THE COURT: Okay. That had something to do with this incident?
[Martinez’s attorney]: Yes. Well, no. The stabbing didn’t. It happened a couple of days before. A shooting.
THE COURT: Okay.
[Martinez’s attorney]: But that was the reason for Jayson Martinez to approach this guy Jesse Garcia.
[State’s attorney]: Once again, Your Honor, he’s talking about prior bad acts.
[Martinez’s attorney]: Well, not bad act of my client. . . .
THE COURT: Okay. Well, I’ll sustain the [S]tate’s objection to bringing that out. You can go ahead and elicit testimony about chasing . . . Jesse Garcia and confronting him just to ask him about something, but don’t go into the specifics of what that is.
[Martinez’s attorney]: All right. Just so that I’m clear, do I say that—can Jayson Martinez ask him about the shooting of the friend?
THE COURT: No. I’ll sustain that part of the objection.
Martinez alleges that, by sustaining the State’s objection, the trial court deprived him
of his constitutional due process right to present a defense. See U.S. CONST . amend. XIV;
TEX . CONST . art. I, § 10. Martinez explains on appeal that “[t]his defense took the form of
explaining that both [Martinez] and Jesse [Garcia] were no where [sic] near the vehicles
when the rocks were thrown which caused the harm.”
Generally, we review a trial court’s decision to admit or exclude evidence under an
10 abuse of discretion standard. See McCarty v. State, 257 S.W.3d 238, 239 (Tex. Crim.
App. 2008). However, we need not do so here because Martinez failed to preserve the
issue for our review. Texas Rule of Evidence 103(a)(2) provides that an error may not be
predicated upon a ruling which excludes evidence unless: (1) a substantial right of a party
is affected; and (2) the substance of the evidence was made known to the court by offer
of proof or was apparent from the context within which questions were asked. TEX . R.

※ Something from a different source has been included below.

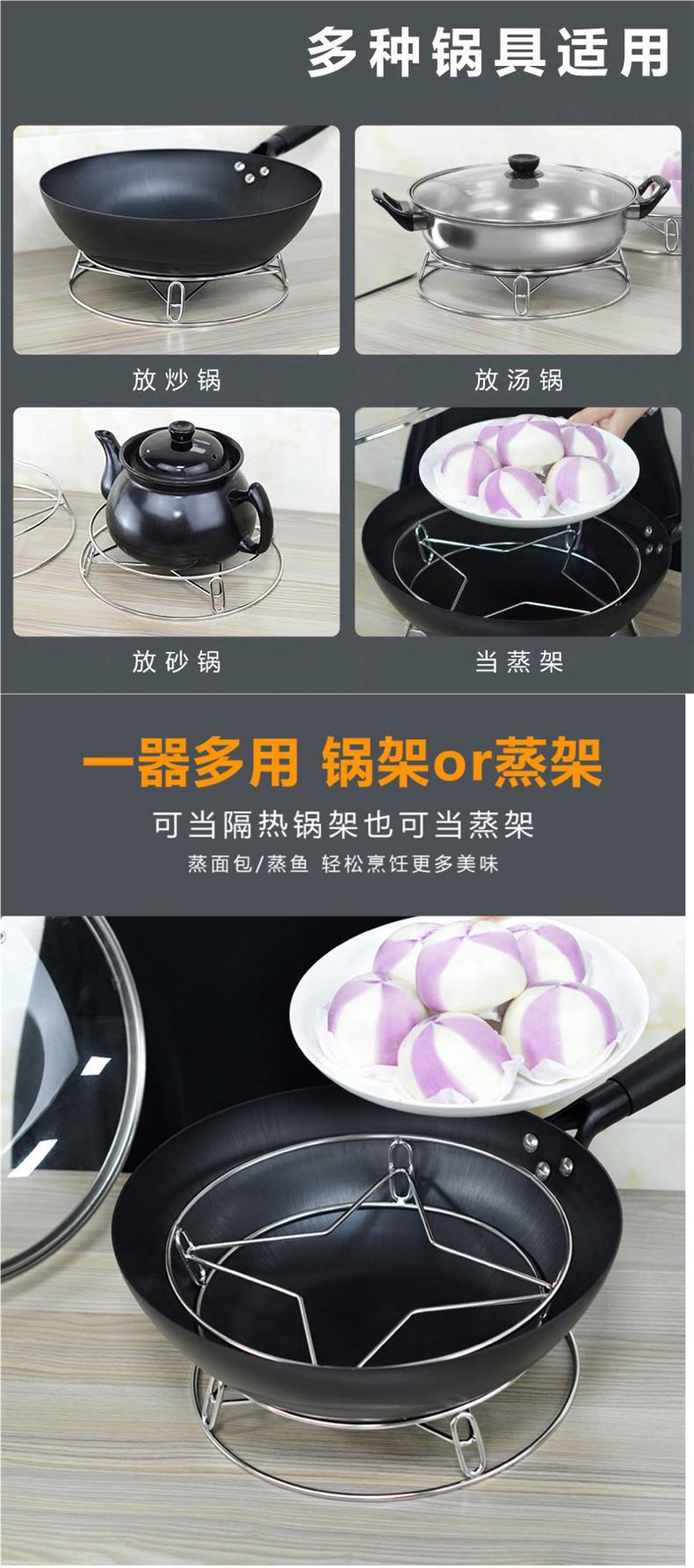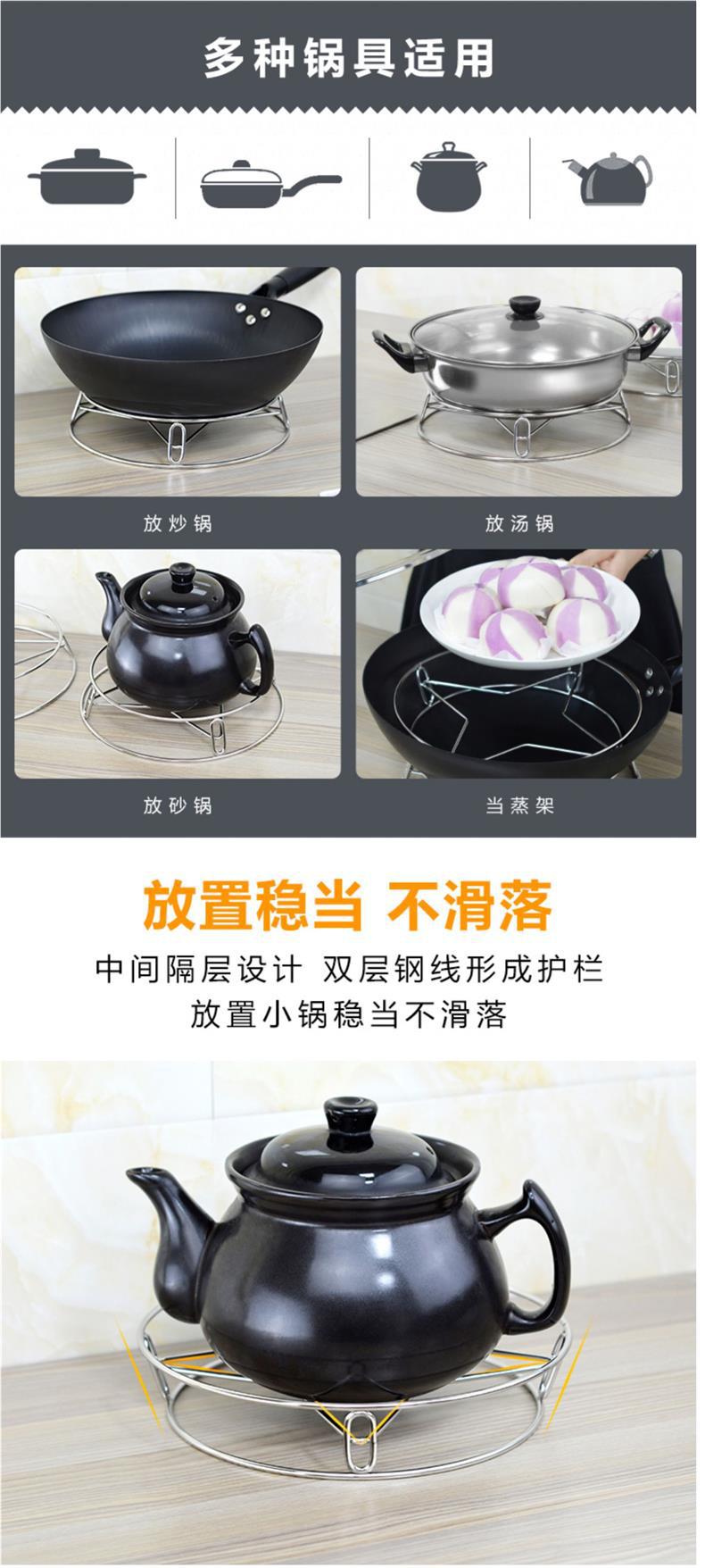 두꺼운 스테인레스 스틸 라운드 튜브 포트 랙 플레이트 팟 랙 워크 랙 열 절연 방지 스토리지 랙이있는 더블 레이어 팟 쿠션스토어 가기

EVID . 103(a)(2); Warner v. State, 969 S.W.2d 1, 2 (Tex. Crim. App. 1998). Here, although
Martinez’s counsel explained to the trial court that Martinez could testify as to an alleged
prior stabbing or shooting by Garcia, there was no offer of proof made as to Martinez’s
testimony regarding his or Garcia’s positions during the incident in question. Because the
substance of the evidence sought to be admitted was not made known to the trial court,
and was not apparent from the context, Martinez has failed to preserve the issue for
appellate review. See TEX . R. EVID . 103(a)(2); TEX . R. APP. P. 33.1(a). His fourth issue is
overruled.
III. CONCLUSION
We affirm the judgment of the trial court.
_______________________ DORI CONTRERAS GARZA, Justice
Do not publish. TEX . R. APP. P. 47.2(b). Memorandum Opinion delivered and filed this the 25th day of June, 2009.